Background
I am developing a social web app for poets and writers, allowing them to share their poetry, gather feedback, and communicate with other poets. I have very little formal training in database design, but I have been reading books, SO, and online DB design resources in an attempt to ensure performance and scalability without over-engineering.
The database is MySQL, and the application is written in PHP. I'm not sure yet whether we will be using an ORM library or writing SQL queries from scratch in the app. Other than the web application, Solr search server and maybe some messaging client will interact with the database.
Current Needs
The schema I have thrown together below represents the primary components of the first version of the website. Initially, users can register for the site and do any of the following:
- Create and modify profile details and account settings
- Post, tag and categorize their writing
- Read, comment on and "favorite" other users' posts
- "Follow" other users to get notifications of their activity
- Search and browse content and get suggested posts/users (though we will be using the Solr search server to index DB data and run these type of queries)
Scalability
Obviously the whole team expects to explode into the scene, overcoming facebook within a few weeks of launching, but I don't want to go crazy with scalability until that time comes (a few weeks, remember). However, we have a second iteration of features that we will be adding shortly after initial launch, so the initial DB design needs to scale effortlessly to accommodate these changes. The most important of these features include:
- Video, image and audio posts/albums/sharing
- Private messaging with facebook-style reply threads
- User-created groups with in-group discussion boards
- Administration controls for various user roles, (admins, content editors, community managers)
Schema
Here is what I came up with on MySQL Workbench for the initial site. I'm still a little fuzzy on some relational databasey things, so go easy.
Questions
- In general, is there anything I'm doing wrong or can improve upon?
- Is there any reason why I shouldn't combine the ExternalAccounts table into the UserProfiles table?

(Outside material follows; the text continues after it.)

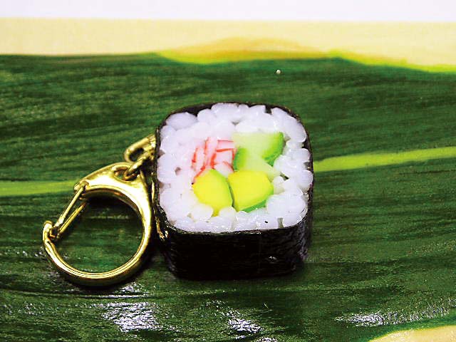 This is a key chain with very authentic-looking Japanese sushi (California Roll).

- Is there any reason why I shouldn't combine the PostStats table into the Posts table?
- Should I expand the design to include the features we are doing in the second version just to ensure that the initial schema can support it?
- Is there anything I can do to optimize the DB design for Solr indexing/performance/whatever?
- Should I be using more natural primary keys, like Username instead of UserID, or zip/area code instead of a surrogate LocationID in the Locations table?
Thanks for the help!